Data supplied >>
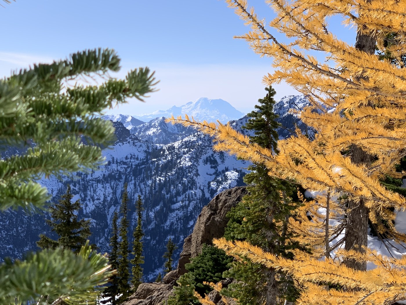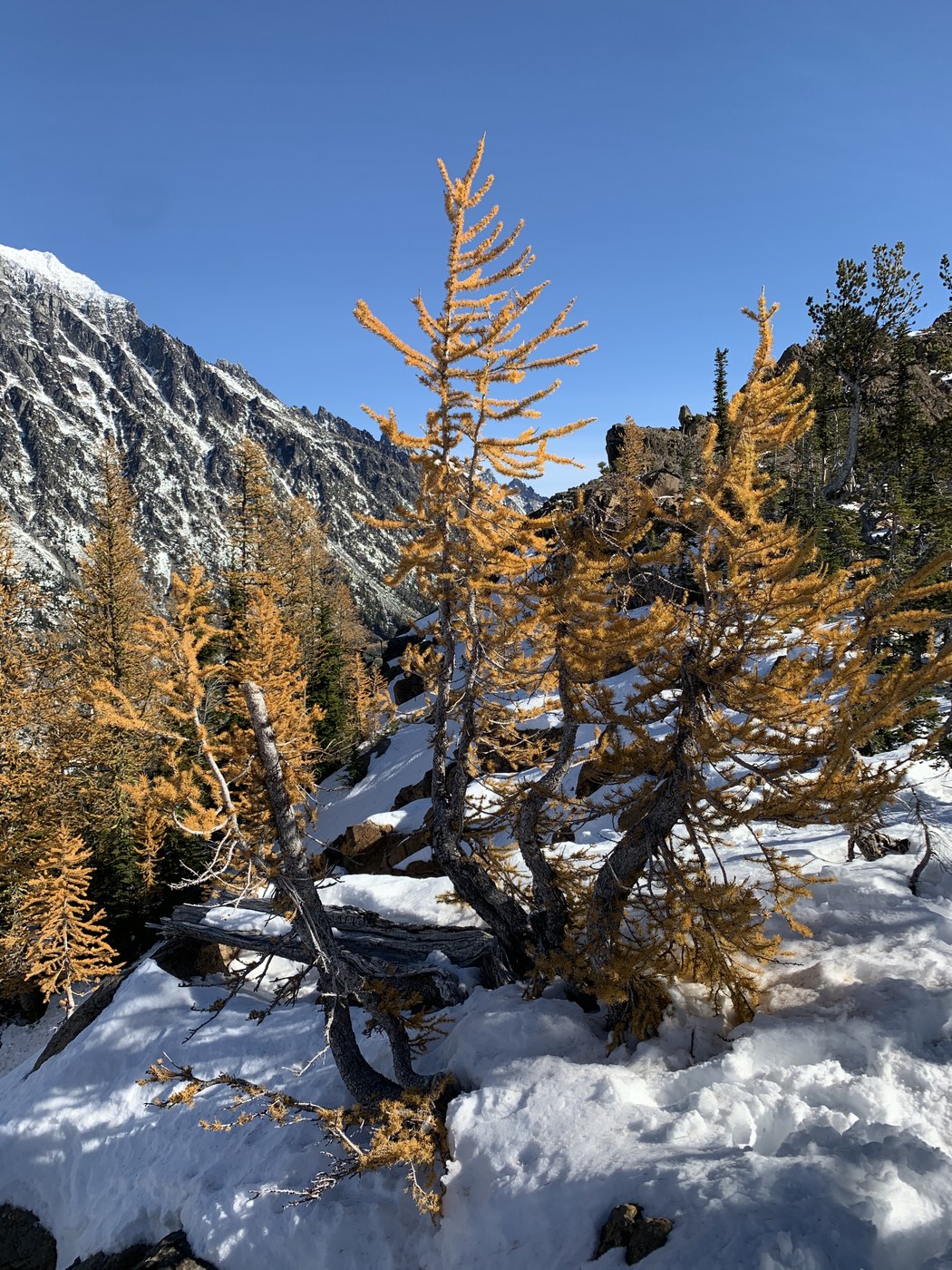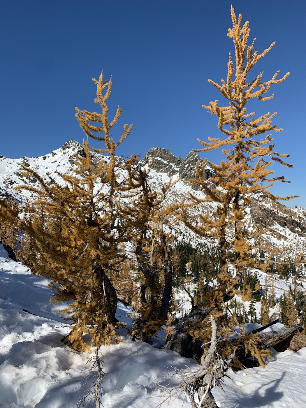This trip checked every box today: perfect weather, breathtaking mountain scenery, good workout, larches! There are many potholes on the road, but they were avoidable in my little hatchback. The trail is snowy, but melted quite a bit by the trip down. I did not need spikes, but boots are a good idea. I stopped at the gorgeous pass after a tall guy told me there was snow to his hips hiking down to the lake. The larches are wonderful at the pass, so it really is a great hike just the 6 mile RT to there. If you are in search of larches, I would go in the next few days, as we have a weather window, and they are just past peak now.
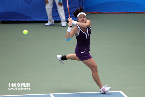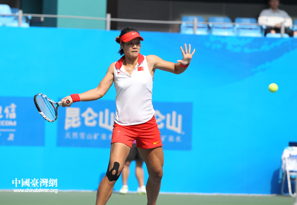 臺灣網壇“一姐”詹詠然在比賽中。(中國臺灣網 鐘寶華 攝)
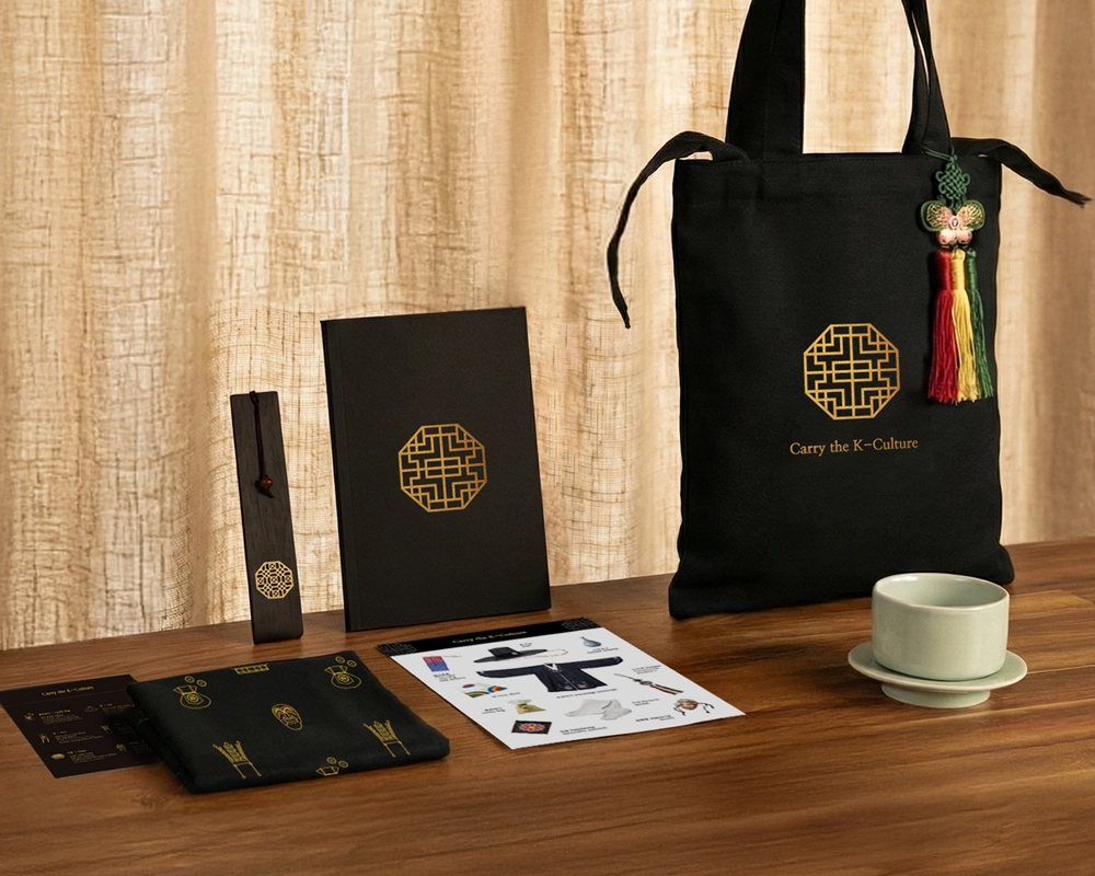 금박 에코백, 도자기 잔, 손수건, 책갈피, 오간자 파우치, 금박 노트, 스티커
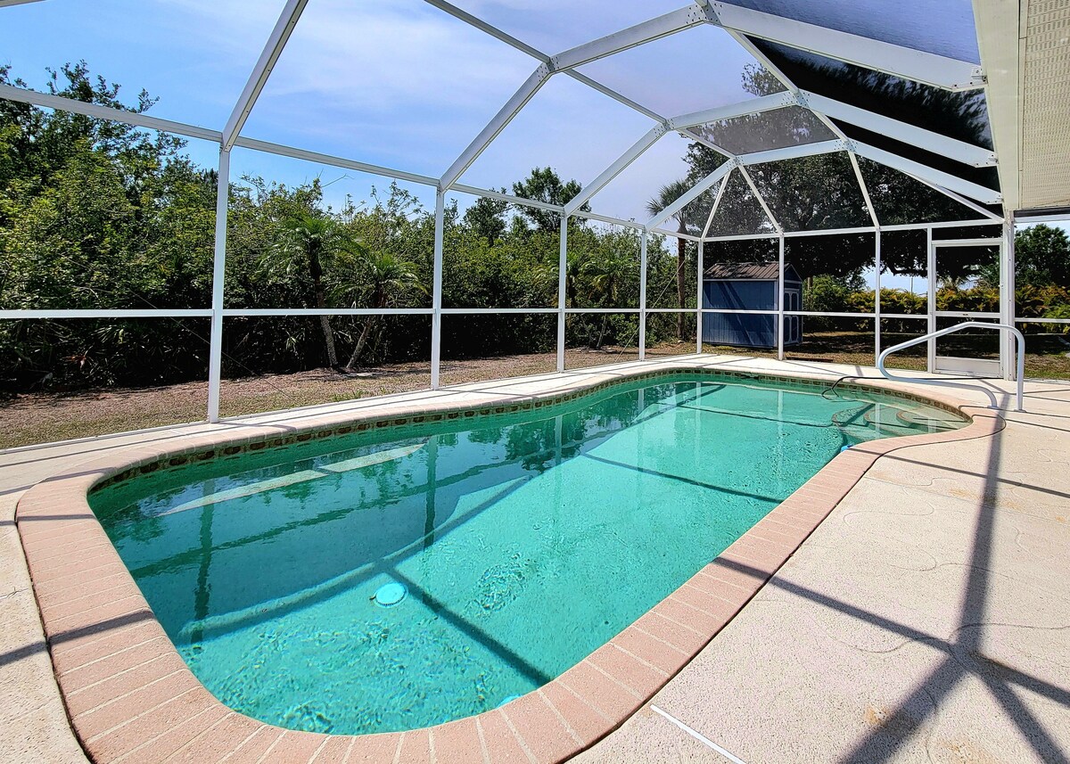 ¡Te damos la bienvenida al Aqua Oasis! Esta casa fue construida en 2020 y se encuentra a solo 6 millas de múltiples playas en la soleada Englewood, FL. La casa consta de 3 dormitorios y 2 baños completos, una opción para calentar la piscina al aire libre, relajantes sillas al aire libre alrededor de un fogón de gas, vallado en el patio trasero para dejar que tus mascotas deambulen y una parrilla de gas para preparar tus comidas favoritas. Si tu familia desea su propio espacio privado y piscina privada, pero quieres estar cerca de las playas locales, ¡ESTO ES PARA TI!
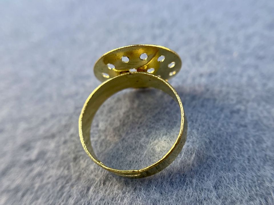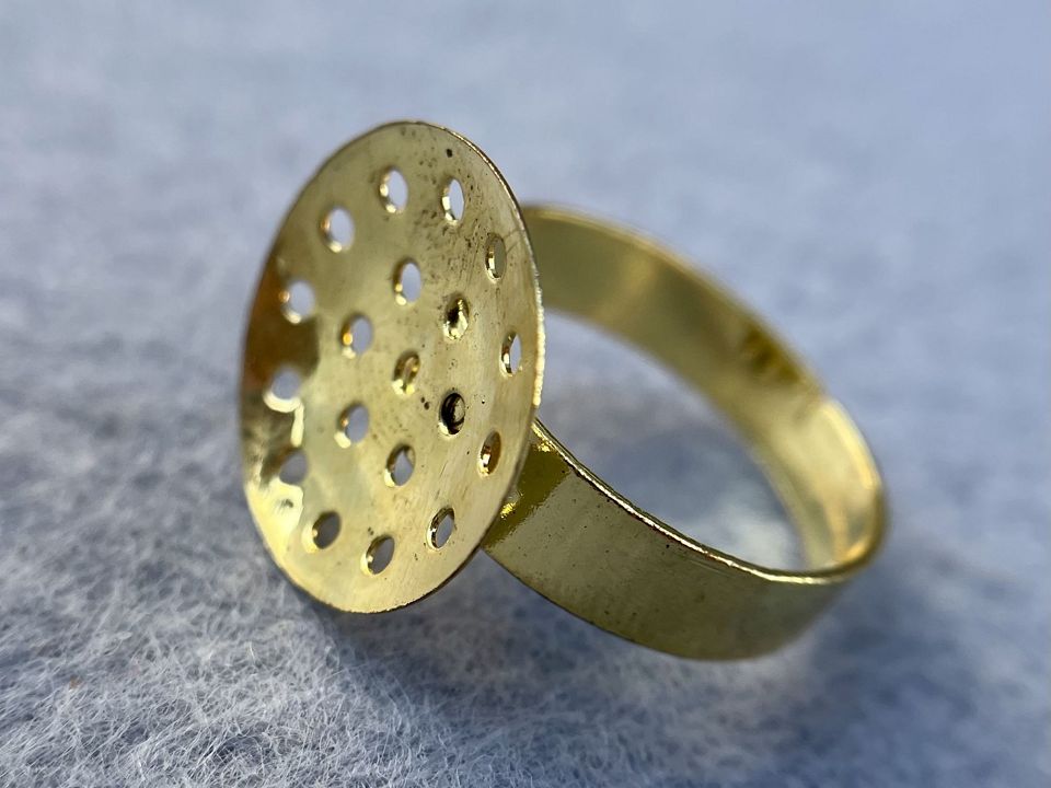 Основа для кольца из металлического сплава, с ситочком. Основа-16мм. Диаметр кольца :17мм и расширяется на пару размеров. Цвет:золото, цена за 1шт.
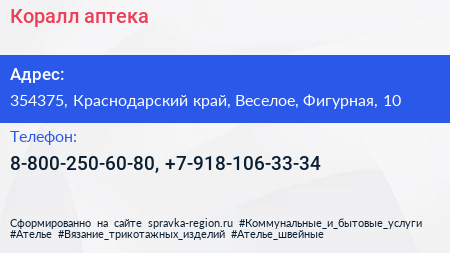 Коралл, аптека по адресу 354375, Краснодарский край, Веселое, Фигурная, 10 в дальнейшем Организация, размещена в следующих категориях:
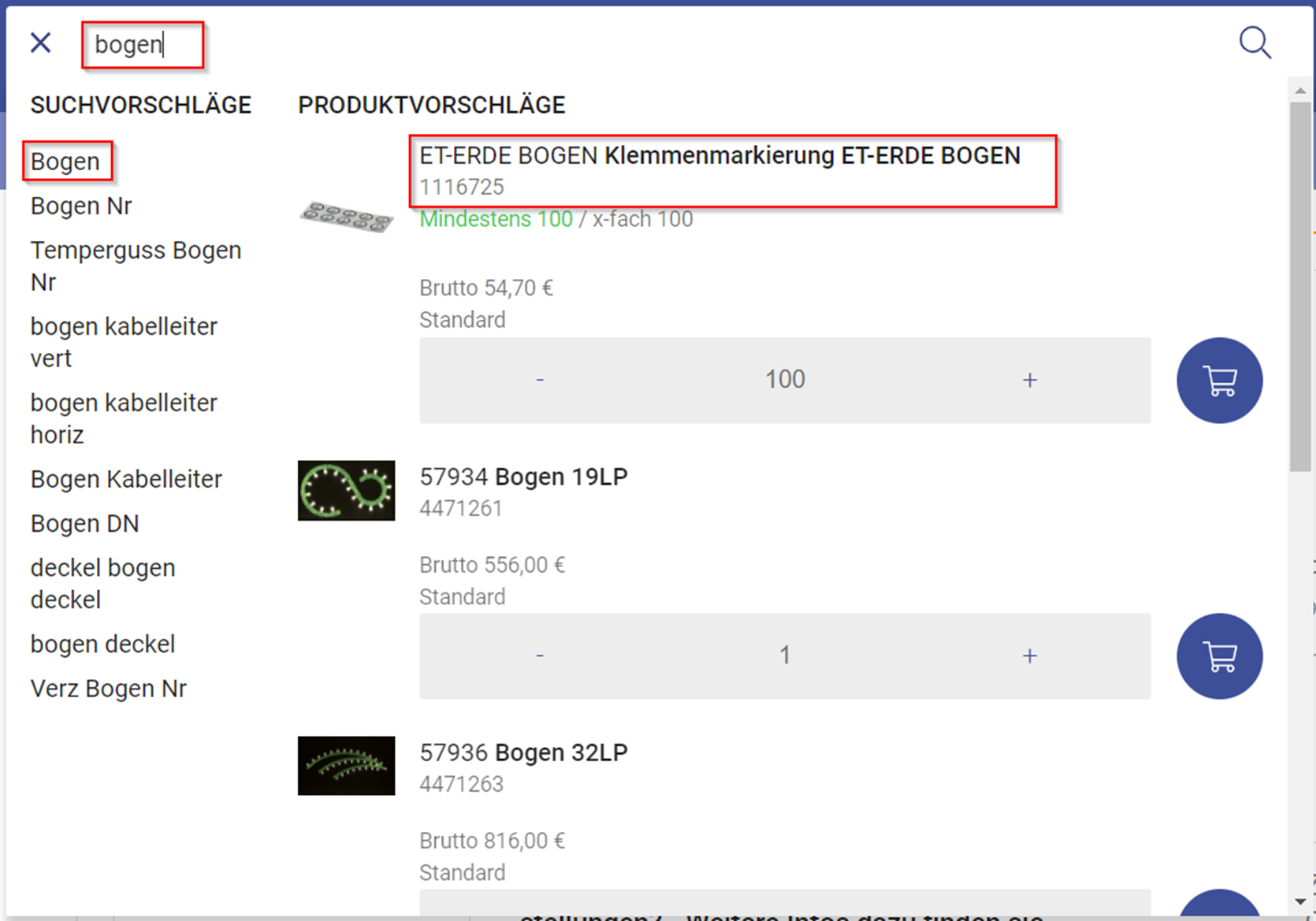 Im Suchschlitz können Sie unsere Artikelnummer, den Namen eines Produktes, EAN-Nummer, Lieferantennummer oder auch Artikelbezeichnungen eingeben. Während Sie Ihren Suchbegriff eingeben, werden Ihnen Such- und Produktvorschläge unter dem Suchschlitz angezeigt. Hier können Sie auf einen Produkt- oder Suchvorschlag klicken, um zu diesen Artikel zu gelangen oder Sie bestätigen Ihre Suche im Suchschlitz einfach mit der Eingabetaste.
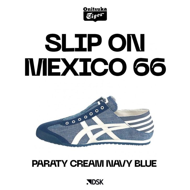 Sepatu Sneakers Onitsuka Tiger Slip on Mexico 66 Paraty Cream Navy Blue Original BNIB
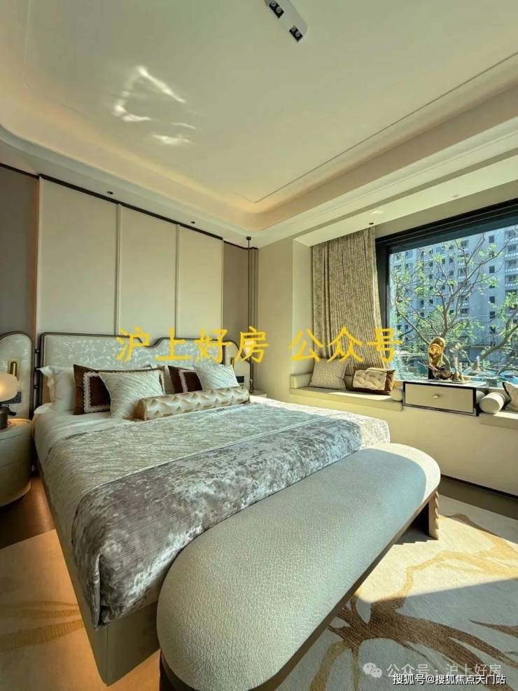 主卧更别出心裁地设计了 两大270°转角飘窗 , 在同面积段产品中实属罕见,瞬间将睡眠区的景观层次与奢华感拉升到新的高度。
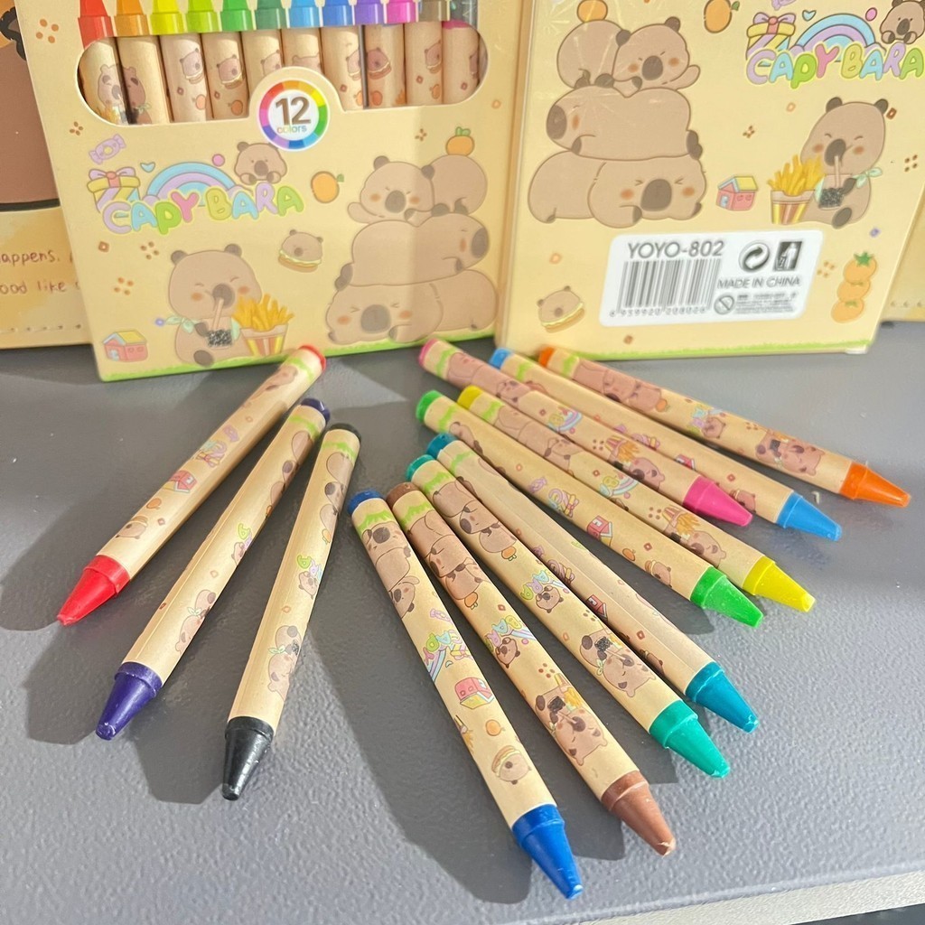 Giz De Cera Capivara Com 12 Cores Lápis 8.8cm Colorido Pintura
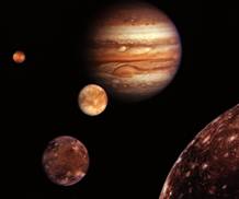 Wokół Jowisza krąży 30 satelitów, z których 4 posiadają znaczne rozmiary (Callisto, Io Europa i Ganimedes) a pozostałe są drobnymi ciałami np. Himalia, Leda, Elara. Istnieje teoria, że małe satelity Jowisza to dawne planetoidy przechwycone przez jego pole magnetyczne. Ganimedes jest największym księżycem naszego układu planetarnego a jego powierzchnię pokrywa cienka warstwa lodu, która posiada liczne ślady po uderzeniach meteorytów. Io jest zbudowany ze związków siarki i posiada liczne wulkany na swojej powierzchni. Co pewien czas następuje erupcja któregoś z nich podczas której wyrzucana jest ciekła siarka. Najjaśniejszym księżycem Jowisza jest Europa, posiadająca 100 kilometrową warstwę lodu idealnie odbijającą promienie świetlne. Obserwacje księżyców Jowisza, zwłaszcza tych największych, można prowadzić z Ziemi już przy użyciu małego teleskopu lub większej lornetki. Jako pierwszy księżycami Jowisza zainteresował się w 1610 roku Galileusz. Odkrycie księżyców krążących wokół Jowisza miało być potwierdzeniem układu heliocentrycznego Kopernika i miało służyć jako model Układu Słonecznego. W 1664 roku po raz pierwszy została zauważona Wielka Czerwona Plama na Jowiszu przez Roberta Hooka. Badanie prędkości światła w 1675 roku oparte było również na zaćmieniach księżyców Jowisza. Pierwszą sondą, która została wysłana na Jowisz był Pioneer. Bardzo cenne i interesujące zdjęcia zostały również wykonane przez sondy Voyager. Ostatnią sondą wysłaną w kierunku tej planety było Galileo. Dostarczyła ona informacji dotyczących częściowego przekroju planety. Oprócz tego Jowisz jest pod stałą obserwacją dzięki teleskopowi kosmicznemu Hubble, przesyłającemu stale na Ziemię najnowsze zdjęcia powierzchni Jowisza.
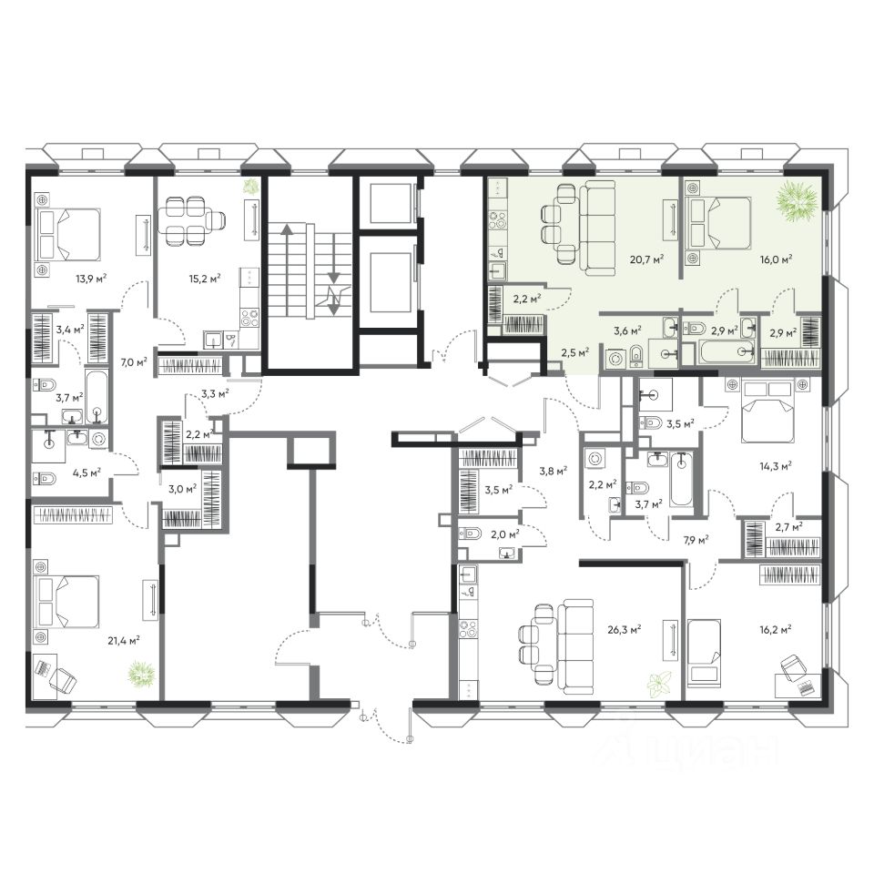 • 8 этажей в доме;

Task brief >>
Make an exact copy of the lines above, beginning with the line with "Основа для кольца" and ending with the line with "Giz De Cera", and keep the pictures out of it.

Your response >>
 Основа для кольца из металлического сплава, с ситочком. Основа-16мм. Диаметр кольца :17мм и расширяется на пару размеров. Цвет:золото, цена за 1шт.
 Коралл, аптека по адресу 354375, Краснодарский край, Веселое, Фигурная, 10 в дальнейшем Организация, размещена в следующих категориях:
 Im Suchschlitz können Sie unsere Artikelnummer, den Namen eines Produktes, EAN-Nummer, Lieferantennummer oder auch Artikelbezeichnungen eingeben. Während Sie Ihren Suchbegriff eingeben, werden Ihnen Such- und Produktvorschläge unter dem Suchschlitz angezeigt. Hier können Sie auf einen Produkt- oder Suchvorschlag klicken, um zu diesen Artikel zu gelangen oder Sie bestätigen Ihre Suche im Suchschlitz einfach mit der Eingabetaste.
 Sepatu Sneakers Onitsuka Tiger Slip on Mexico 66 Paraty Cream Navy Blue Original BNIB
 主卧更别出心裁地设计了 两大270°转角飘窗 , 在同面积段产品中实属罕见,瞬间将睡眠区的景观层次与奢华感拉升到新的高度。
 Giz De Cera Capivara Com 12 Cores Lápis 8.8cm Colorido Pintura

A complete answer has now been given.